═════ Recorded data ═════

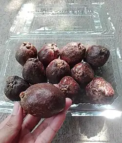 Plod je jednosemenná peckovice proměnlivého tvaru a velikostí, bývá stopkatý či přisedlý, ve zralosti je červený až oranžový a podlouhle vejčitý či nepravidelně hruškovitý. Je průměrně dlouhý 5 až 8 cm a široký 4 až 6 cm, dozrává asi za osm měsíců po opylení. Plod na stromě dlouho přetrvává, někdy až do doby dalšího kvetení. Ve zralostí je jeho oplodí tvrdé, dřevité a mezokarp (dužina) pod ním vláknitý. Vlastní semeno s dutým středem má tvar plodu, bývá 3,5 cm dlouhé, 3 cm široké a obsahuje poživatelný, slonově bílý endosperm chutnající po perníku. Endosperm nezralých semen je měkký a v dutině má oblíbenou tekutinu. Dospělý strom vyprodukuje průměrně 1000 až 2000 plodů, což je asi 50 kg. Čerstvý zralý plod váží asi 120 gramů, suchý pouze okolo 60. Ojediněle se vyskytují i stromy oboupohlavné, jejich plody jsou však menší a semena neklíčí. Dozrávající plody požírají paviání i sloni a semena roznášejí po okolí.[2][3][4][5]
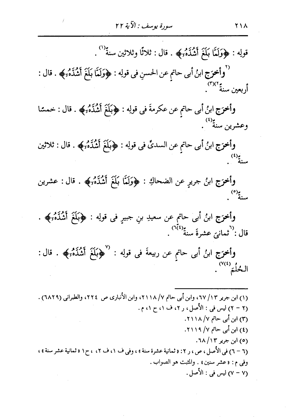 وأخرج ابن أبي حاتم عن سعيد بن جبير رضي الله عنه في قوله {بلغ أشده} قال : عشر سنين.
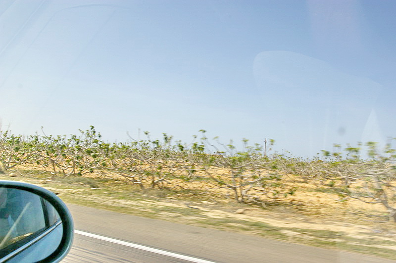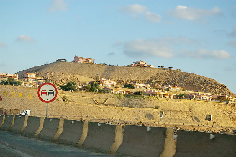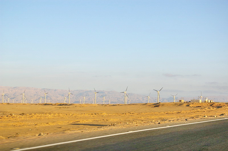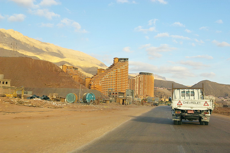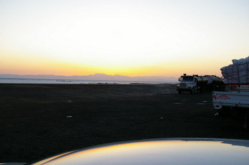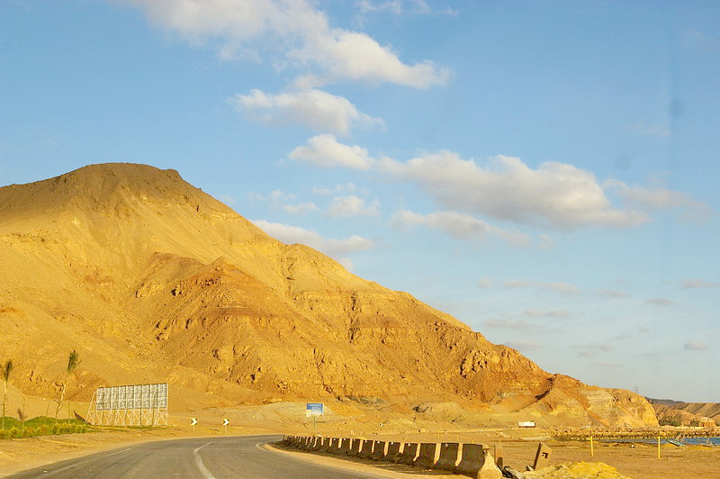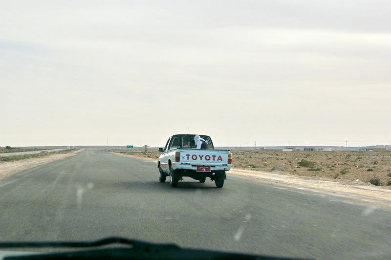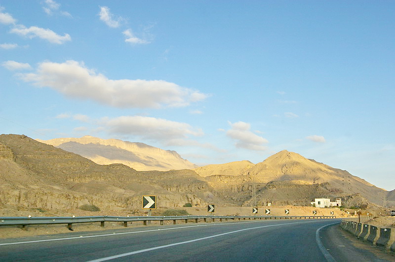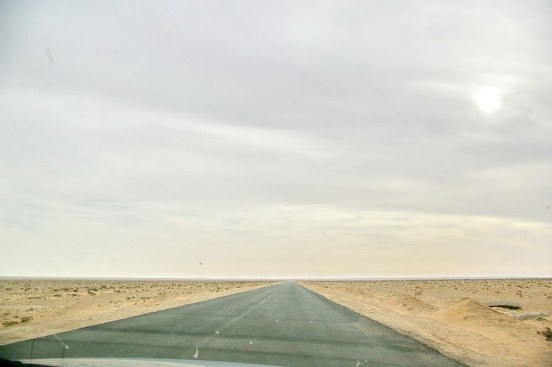 Pasistiprinę numynėme toliau. Kadangi išaušo, buvo galima pasižvalgyti po dykumą, kuri čia kiek kitokia, nei važiuojant Kenos kryptimi. Pakelėje kai kur išsimėtę kurortai – kai kada poros aukštų pastatų ar vilų kompleksai, kai kada milžiniški viešbučiai. Čia, nutaikęs ilgą lygų ir tuščią kelio gabalą, žentas man pademonstravo, ką gali kinų avtropromo stebuklas. Mano brangiausioji, tuo metu prabudusi ant užpakalinės sėdynės, žado netekusi su siaubu stebėjo dviejų durnių džiaugsmą 😉 Galiu pasakyti tik tiek, kad daugiau tokių triukų nebandėme, greitis neviršijo 160-180km/val, ir tai tik gerose atkarpose.
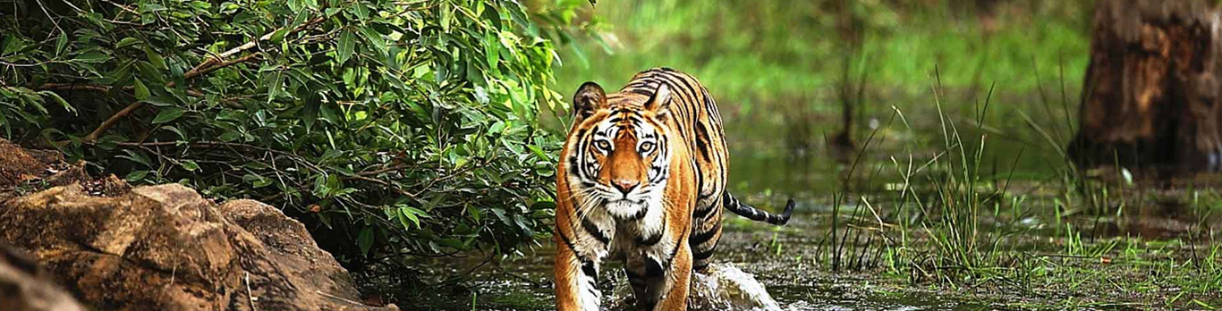 Mammals: Tiger leopard, elephant, chital, sambar, hog deer, barking deer, wild boar, langur, Wild pig, rhesus monkey, sambar and jackal.
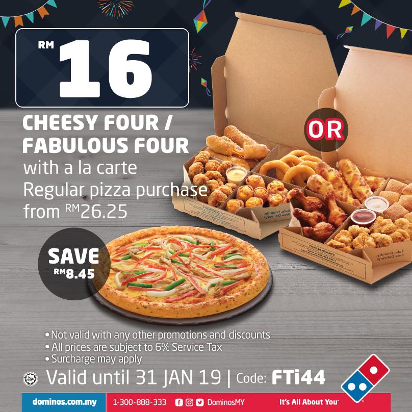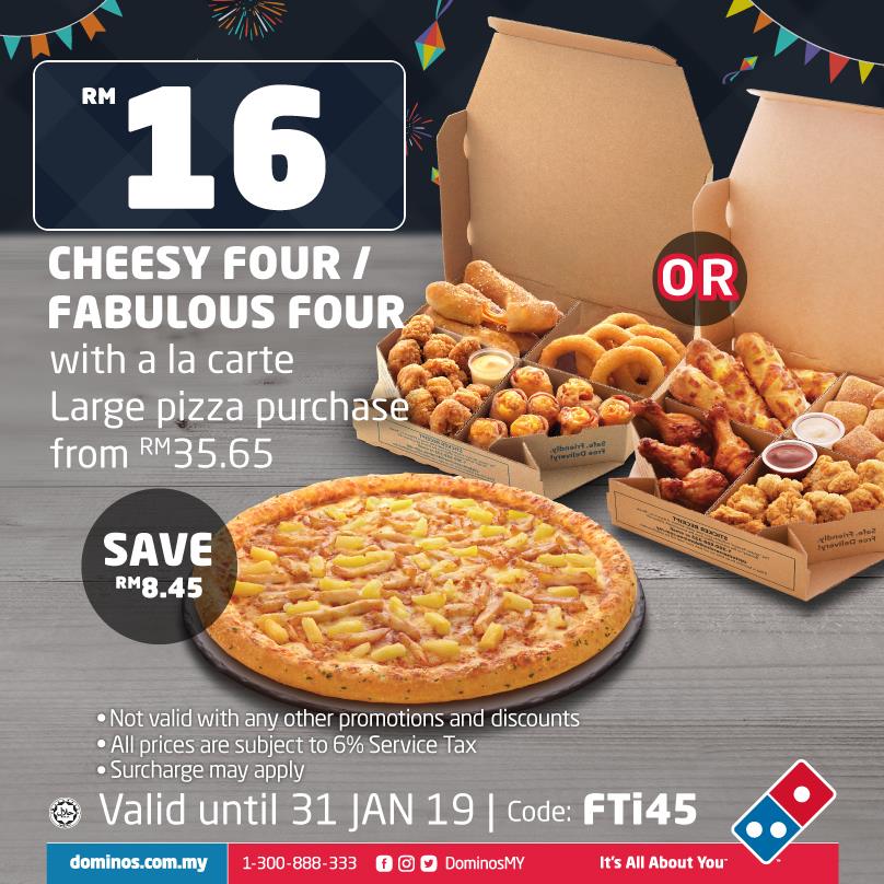 ▼FTi45 – CHEESY/FABULOUS FOUR pada harga RM16 dengan pembelian a la carte Piza Besar
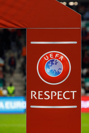Minsk, Belarus - October 13, 2019 : UEFA European Qualifiers 2020. Official UEFA Respect logo before the game between Netherlands and Belarus
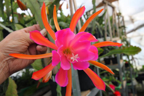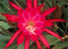 innere Petalen dunkel kirschrot mit karmin getönt, nächste Reihe karmin mit kirschroten Rändern, äußere Petalen orange-rot mit zart karmin Rändern |
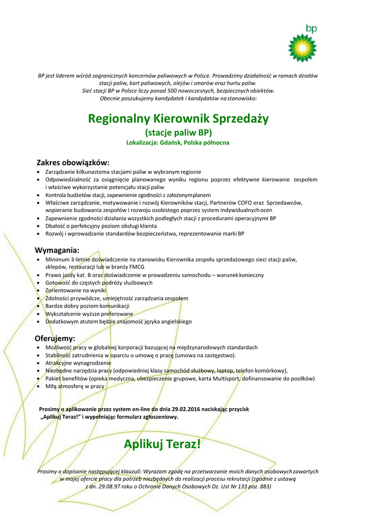 BP jest liderem wśród zagranicznych koncernów paliwowych w Polsce. Prowadzimy działalność w ramach działów stacji paliw, kart paliwowych, olejów i smarów oraz hurtu paliw. Sieć stacji BP w Polsce liczy ponad 500 nowoczesnych, bezpiecznych obiektów. Obecnie poszukujemy kandydatek i kandydatów na stanowisko: Regionalny Kierownik Sprzedaży (stacje paliw BP) Lokalizacja: Gdańsk, Polska północna Zakres obowiązków: Zarządzanie kilkunastoma stacjami paliw w wybranym regionie Odpowiedzialność za osiągnięcie planowanego wyniku regionu poprzez efektywne kierowanie zespołem i właściwe wykorzystanie potencjału stacji paliw Kontrola budżetów stacji, zapewnienie zgodności z założonym planem Właściwe zarządzanie, motywowanie i rozwój Kierowników stacji, Partnerów COFO oraz Sprzedawców, wspieranie budowania zespołów i rozwoju osobistego poprzez system indywidualnych ocen Zapewnienie zgodności działania wszystkich podległych stacji z procedurami operacyjnymi BP Dbałość o perfekcyjny poziom obsługi klienta Rozwój i wprowadzanie standardów bezpieczeństwa, reprezentowanie marki BP Wymagania: Minimum 3-letnie doświadczenie na stanowisku Kierownika zespołu sprzedażowego sieci stacji paliw, sklepów, restauracji lub w branży FMCG Prawo jazdy kat. B oraz doświadczenie w prowadzeniu samochodu – warunek konieczny Gotowość do częstych podróży służbowych Zorientowanie na wyniki Zdolności przywódcze, umiejętność zarządzania zespołem Bardzo dobry poziom komunikacji Wykształcenie wyższe preferowane Dodatkowym atutem będzie znajomość języka angielskiego Oferujemy: Możliwość pracy w globalnej korporacji bazującej na międzynarodowych standardach Stabilność zatrudnienia w oparciu o umowę o pracę (umowa na zastępstwo). Atrakcyjne wynagrodzenie Niezbędne narzędzia pracy (odpowiedniej klasy samochód służbowy, laptop, telefon komórkowy), Pakiet benefitów (opieka medyczna, ubezpieczenie grupowe, karta Multisport, dofinansowanie do posiłków) Miłą atmosferę w pracy Prosimy o aplikowanie przez system on-line do dnia 29.02.2016 naciskając przycisk „Aplikuj Teraz!” i wypełniając formularz zgłoszeniowy. Aplikuj Teraz! Prosimy o dopisanie następującej klauzuli: Wyrażam zgodę na przetwarzanie moich danych osobowych zawartych w mojej ofercie pracy dla potrzeb niezbędnych do realizacji procesu rekrutacji (zgodnie z ustawą z dn. 29.08.97 roku o Ochronie Danych Osobowych Dz. Ust Nr 133 poz. 883)

═════

Please give the entries again word for word, without any pictures.

 Plod je jednosemenná peckovice proměnlivého tvaru a velikostí, bývá stopkatý či přisedlý, ve zralosti je červený až oranžový a podlouhle vejčitý či nepravidelně hruškovitý. Je průměrně dlouhý 5 až 8 cm a široký 4 až 6 cm, dozrává asi za osm měsíců po opylení. Plod na stromě dlouho přetrvává, někdy až do doby dalšího kvetení. Ve zralostí je jeho oplodí tvrdé, dřevité a mezokarp (dužina) pod ním vláknitý. Vlastní semeno s dutým středem má tvar plodu, bývá 3,5 cm dlouhé, 3 cm široké a obsahuje poživatelný, slonově bílý endosperm chutnající po perníku. Endosperm nezralých semen je měkký a v dutině má oblíbenou tekutinu. Dospělý strom vyprodukuje průměrně 1000 až 2000 plodů, což je asi 50 kg. Čerstvý zralý plod váží asi 120 gramů, suchý pouze okolo 60. Ojediněle se vyskytují i stromy oboupohlavné, jejich plody jsou však menší a semena neklíčí. Dozrávající plody požírají paviání i sloni a semena roznášejí po okolí.[2][3][4][5]
 وأخرج ابن أبي حاتم عن سعيد بن جبير رضي الله عنه في قوله {بلغ أشده} قال : عشر سنين.
 Pasistiprinę numynėme toliau. Kadangi išaušo, buvo galima pasižvalgyti po dykumą, kuri čia kiek kitokia, nei važiuojant Kenos kryptimi. Pakelėje kai kur išsimėtę kurortai – kai kada poros aukštų pastatų ar vilų kompleksai, kai kada milžiniški viešbučiai. Čia, nutaikęs ilgą lygų ir tuščią kelio gabalą, žentas man pademonstravo, ką gali kinų avtropromo stebuklas. Mano brangiausioji, tuo metu prabudusi ant užpakalinės sėdynės, žado netekusi su siaubu stebėjo dviejų durnių džiaugsmą 😉 Galiu pasakyti tik tiek, kad daugiau tokių triukų nebandėme, greitis neviršijo 160-180km/val, ir tai tik gerose atkarpose.
 Mammals: Tiger leopard, elephant, chital, sambar, hog deer, barking deer, wild boar, langur, Wild pig, rhesus monkey, sambar and jackal.
 ▼FTi45 – CHEESY/FABULOUS FOUR pada harga RM16 dengan pembelian a la carte Piza Besar
Minsk, Belarus - October 13, 2019 : UEFA European Qualifiers 2020. Official UEFA Respect logo before the game between Netherlands and Belarus
 innere Petalen dunkel kirschrot mit karmin getönt, nächste Reihe karmin mit kirschroten Rändern, äußere Petalen orange-rot mit zart karmin Rändern |
 BP jest liderem wśród zagranicznych koncernów paliwowych w Polsce. Prowadzimy działalność w ramach działów stacji paliw, kart paliwowych, olejów i smarów oraz hurtu paliw. Sieć stacji BP w Polsce liczy ponad 500 nowoczesnych, bezpiecznych obiektów. Obecnie poszukujemy kandydatek i kandydatów na stanowisko: Regionalny Kierownik Sprzedaży (stacje paliw BP) Lokalizacja: Gdańsk, Polska północna Zakres obowiązków: Zarządzanie kilkunastoma stacjami paliw w wybranym regionie Odpowiedzialność za osiągnięcie planowanego wyniku regionu poprzez efektywne kierowanie zespołem i właściwe wykorzystanie potencjału stacji paliw Kontrola budżetów stacji, zapewnienie zgodności z założonym planem Właściwe zarządzanie, motywowanie i rozwój Kierowników stacji, Partnerów COFO oraz Sprzedawców, wspieranie budowania zespołów i rozwoju osobistego poprzez system indywidualnych ocen Zapewnienie zgodności działania wszystkich podległych stacji z procedurami operacyjnymi BP Dbałość o perfekcyjny poziom obsługi klienta Rozwój i wprowadzanie standardów bezpieczeństwa, reprezentowanie marki BP Wymagania: Minimum 3-letnie doświadczenie na stanowisku Kierownika zespołu sprzedażowego sieci stacji paliw, sklepów, restauracji lub w branży FMCG Prawo jazdy kat. B oraz doświadczenie w prowadzeniu samochodu – warunek konieczny Gotowość do częstych podróży służbowych Zorientowanie na wyniki Zdolności przywódcze, umiejętność zarządzania zespołem Bardzo dobry poziom komunikacji Wykształcenie wyższe preferowane Dodatkowym atutem będzie znajomość języka angielskiego Oferujemy: Możliwość pracy w globalnej korporacji bazującej na międzynarodowych standardach Stabilność zatrudnienia w oparciu o umowę o pracę (umowa na zastępstwo). Atrakcyjne wynagrodzenie Niezbędne narzędzia pracy (odpowiedniej klasy samochód służbowy, laptop, telefon komórkowy), Pakiet benefitów (opieka medyczna, ubezpieczenie grupowe, karta Multisport, dofinansowanie do posiłków) Miłą atmosferę w pracy Prosimy o aplikowanie przez system on-line do dnia 29.02.2016 naciskając przycisk „Aplikuj Teraz!” i wypełniając formularz zgłoszeniowy. Aplikuj Teraz! Prosimy o dopisanie następującej klauzuli: Wyrażam zgodę na przetwarzanie moich danych osobowych zawartych w mojej ofercie pracy dla potrzeb niezbędnych do realizacji procesu rekrutacji (zgodnie z ustawą z dn. 29.08.97 roku o Ochronie Danych Osobowych Dz. Ust Nr 133 poz. 883)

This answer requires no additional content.